Спал Игнат, не раздеваясь, головой на шесток, в изголовье клал пару старых валенок, один на другой, и доволен был таким способом спанья настолько, что даже хвастал им в деревне: поясница, мол, за ночь хорошо прогревается, клопы не донимают, воздух сухой — дышится легко; а удобно-то как: курить захотел — кисет на шестке, уголек в золе жаратка; поесть — пожалуйста тебе тут чугунок с картошкой или пареной свеклой. Так он и умер, лежа на печном поду, глядя не закрывшимися глазами в дымоход, сквозь который, как говорили, и отлетела его душа к небу. Пролежал он мертвецом, должно быть, несколько дней, в выстывшей избе, в заледенелой печи и сам заледенелый: морозы как раз стояли лютые.

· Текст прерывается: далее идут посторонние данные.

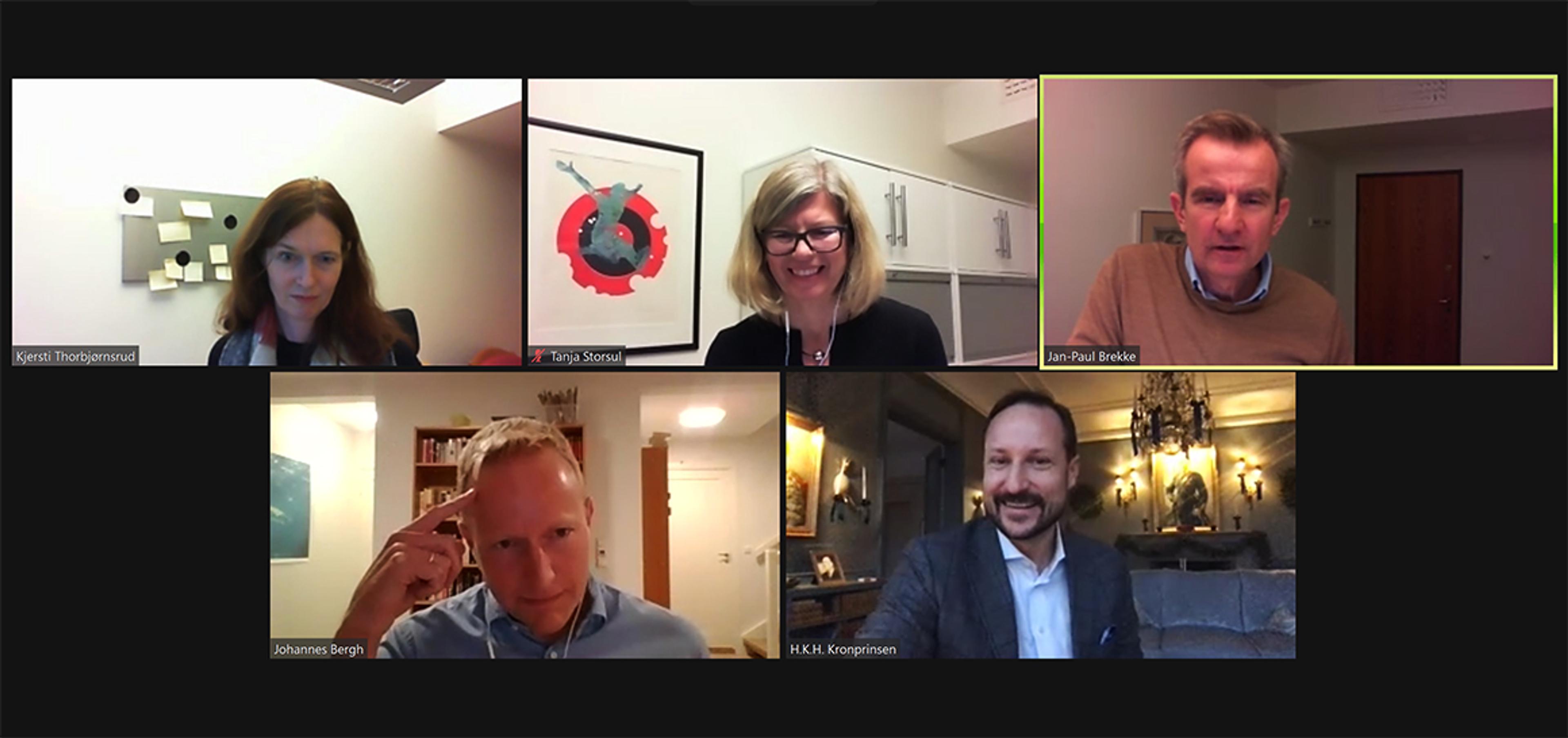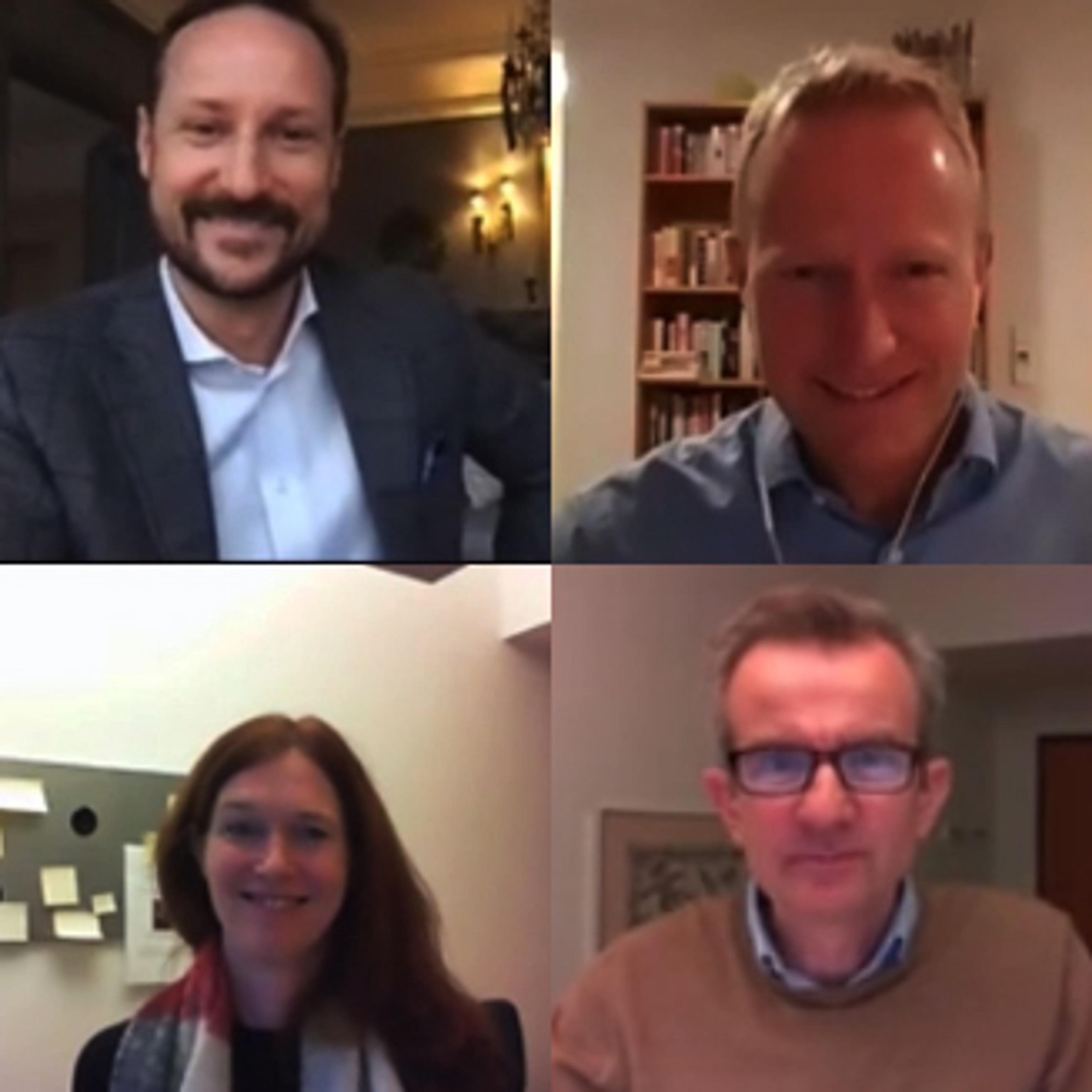Møtet foregikk digitalt onsdag formiddag. Kronprins Haakon satt på Skaugum, mens de tre forskerne deltok fra sine hjemmekontor. Direktør Tanja Storsul var også med i møtet og innledet samtalen.

Первой узнала, что старик Архапов умер, Дарья Гурова. Кабы не она, небось, не скоро спохватились бы: Игната не то, чтобы недолюбливали в деревне, а будто побаивались. Никто к нему не ходил, да и он всех сторонился, жил на особицу. Но Дарье ли бояться или сторониться кого-то! У нее забота не своя и даже не колхозная — государственная; так сама она говорила. А государственная-то забота и на тот свет пошлет, не то что в дом к Архапову Игнату.
Раньше в Пятинах председательствовал муж Дарьи, Павел Семеныч Гуров. У него было два прозвища — Голопузый и Беспортошный. Впрочем, когда стал Пашка Голопузый председателем колхоза, прозвища постепенно выходили из употребления, чаще слышалось все-таки имя-отчество. На фронт он ушел в первый же день войны, не дожидаясь повестки, оставив председательское место на жену. Та заняла его с великой неохотой: знала, что несладко придется. Но кого другого поставить, если Дарья все-таки партейная? Она да муж ее, а больше партейных в Пятинах не было, да и в соседних деревнях тоже — в Ергушове, Задорожье, Матреновке, Тиунове… А беспартейного вряд ли признает на этой должности районная власть.
Ставши председательницей, Дарья приговаривала по каждому поводу: «Вот вернется Павел…». Это было для нее то же, что для верующего «Господи… помилуй».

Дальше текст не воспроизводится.